String Split Function in Python

themolyhaec

Junior Member
Oct 7, 2021
2
0
11
I have a problem here

Code:
name = "Mohith Jain is my name."
Desired output:

Code:
['Mohith Jain', 'is', 'my name.']

My tried solution: I have tried using the split function in Python. Code:
Code:
result = name.split()
['Mohith', 'Jain', 'is', 'my', 'name']
I am stuck here and unable to proceed further. I have tried using for loop. But, I am not getting the required result.
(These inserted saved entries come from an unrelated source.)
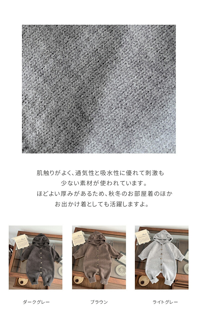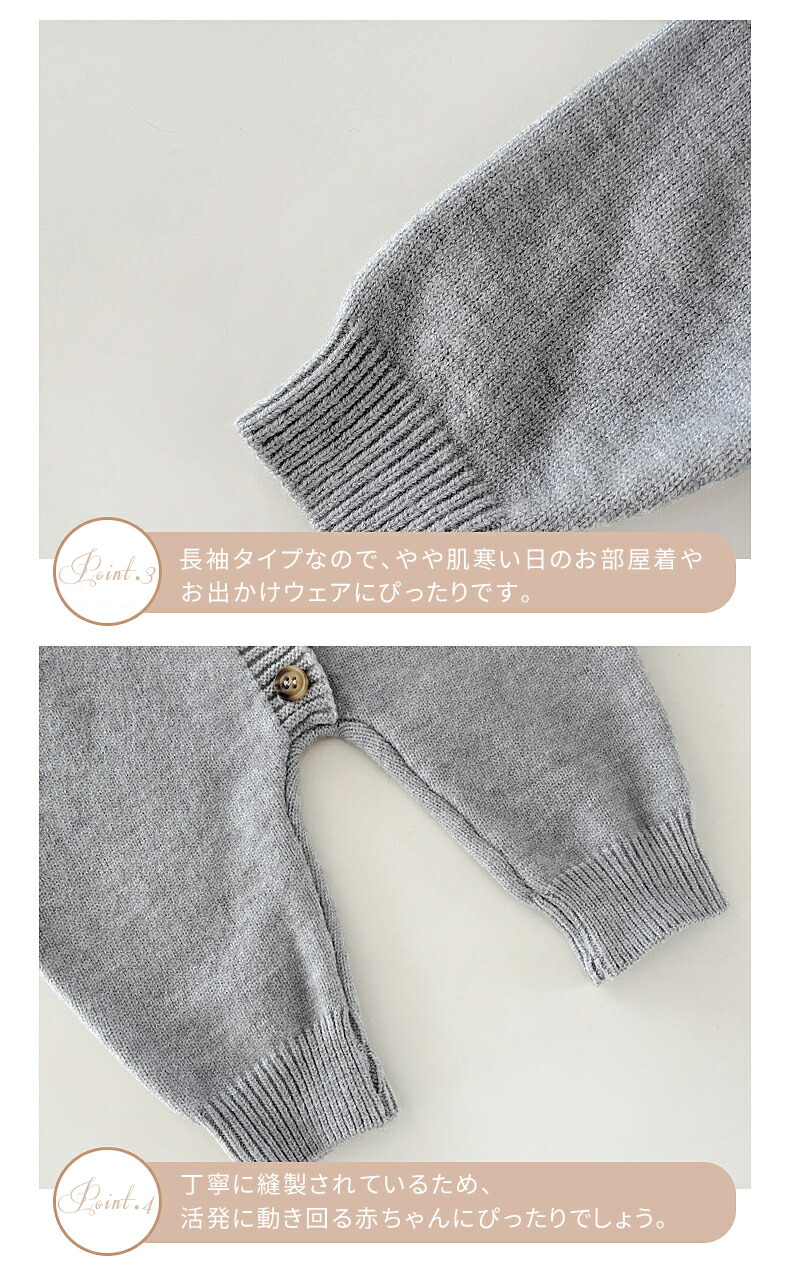 ロンパース 長袖 男の子 女の子 冬 ベビー ベビー服 ファッション カバーオール ロンパース 特集 ライトグレー ブラウン ダークグレー 66cm 73cm 80cm 90cm 100cm
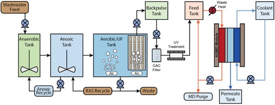 Membrane bioreactors (MBRs) are an increasingly popular secondary wastewater treatment method that may be suitable for potable reuse schemes. MBRs consist of a biological reactor (or a series of anaerobic, anoxic, and aerobic biological reactors with internal recycles) coupled with a submerged or side-stream MF/UF/NF membrane []. Whereas the biological treatment is effective at removing organic carbon, phosphorus, and ammonia [], the membrane is effective against viruses and other macromolecules that may be present in the influent wastewater []. Compared to traditional secondary wastewater treatment methods such as conventional activated sludge (CAS), MBR systems exhibit higher removals of chemical oxygen demand (COD; 97%) [,], phosphate (PO43−; 98%) [], total nitrogen (TN; 94%) [], and total suspended solids (TSS; 99%) [], which results in higher-quality effluent. Other benefits of MBRs over CAS include a smaller footprint [] and less excess sludge production [,,]. The main disadvantages of MBRs are membrane fouling and increased energy consumption [,]. Additionally, MBRs can be followed by post-treatment membrane processes such as reverse osmosis (RO) or membrane distillation (MD) to achieve higher-quality effluent. Although traditionally used for seawater desalination, MD has high average rejections for COD (98%) [], PO43− (91%) [], and TN (98%) []; MD post-treatment can result in high-quality effluent. Furthermore, the incorporation of MD with waste heat or solar thermal energy [] makes it a more viable and energy-efficient alternative to RO.
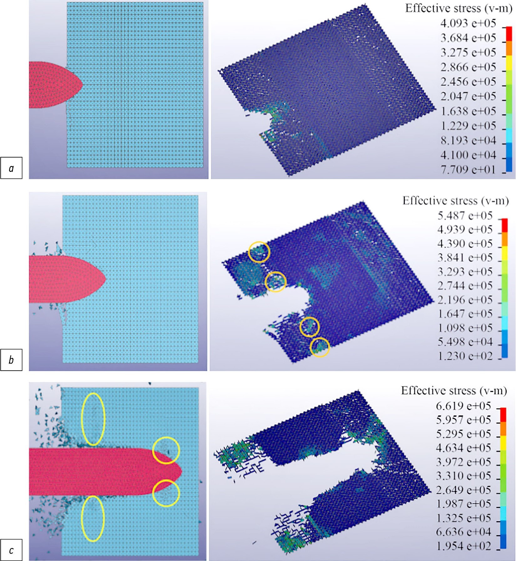 Для повышения точности моделирования взаимодействия судна со льдом в FEM были интегрированы некоторые алгоритмы моделирования жидкостей, такие как метод Эйлера-Лагранжа [15] и Эйлерово-консольный метод [16]. Кроме того, в последние годы адаптивный подход к FEM в сочетании с SPH считается эффективным методом моделирования взаимодействия морских сооружений со льдом [17]. Эта методика позволяет конвертировать конечные элементы в частицы в зависимости от заданных условий. На рис. 1 представлены результаты численного моделирования, на которых видно образование накоплений льда в носовой части судна, а также различия, возникающие в зависимости от формы судна.
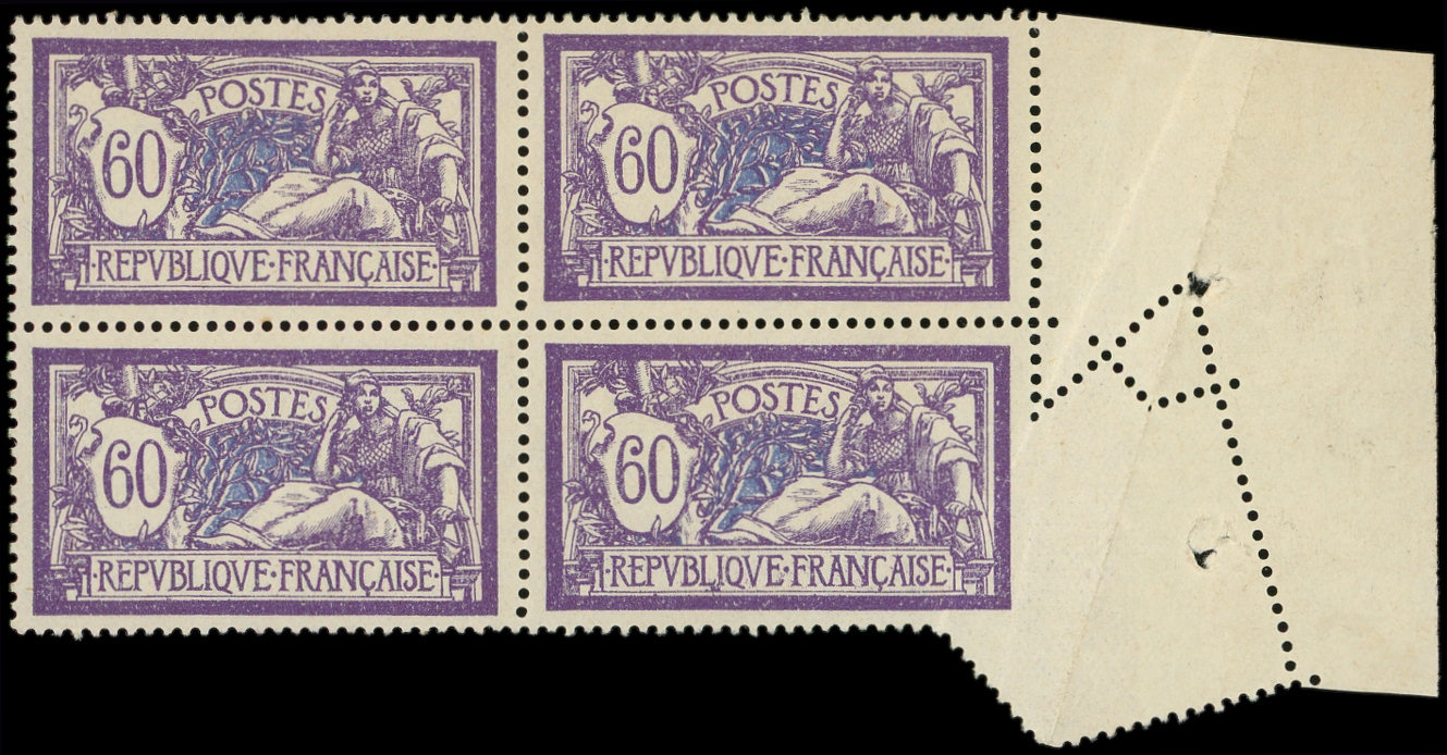 60c. violet et bleu, BLOC de 4 bdf avec jolie variété de PIQUAGE, TB (Image)

Am I missing something or is there any other way of solving this problem?

Please let me know.

I have tried [a proprietary site describing str.split], A real-life example in MS Excel where the string entered in the cell is split based on some delimiter. As I followed the same it was working

Edited to remove potential spam link - moderator Ken g6
 
Last edited by a moderator:

themolyhaec

Junior Member
Oct 7, 2021
2
0
11
Post removed.



If you have an issue with moderator actions, there is one place to put it - Moderator Discussions,

and his username is, as you are well aware, Ken g6.

Administrator allisolm
 
Last edited by a moderator:

purbeast0

No Lifer
Sep 13, 2001
52,855
5,727
126
I'm not sure exactly what you are asking. The split function is working as designed. It splits a string by a default delimiter and if you leave it blank it splits on whitespace.

You haven't said what your use case logic is either so we don't know what your end goal is aside from that one use case.
 

Aikouka

Lifer
Nov 27, 2001
30,383
912
126
@purbeast0 touched on the problem, but essentially, the issue is that you're not presenting your set of requirements for this method. It appears that you want it to group names even if they're split by whitespace, so what we're dealing with is more of an extended or intelligent String split. The problem here is that this request can become quite technical as it is dealing with recognition logic, or... you could just take a simplistic approach.

So, if a simple approach is acceptable, I would likely add a rule to my splitting (or another way, which I'll get to) which is... a whitespace split is ignored if the previous group started with a capital letter and the first character found after the whitespace is also a capital letter. To be clear, this is not a perfect approach. A good example is that it would have a hard time with titles, which feature plenty of capitalization. For example, "Back to the Future" would split properly into ["Back", "to", "the", "Future"], but "The Dark Knight" would split into ["The Dark Knight"].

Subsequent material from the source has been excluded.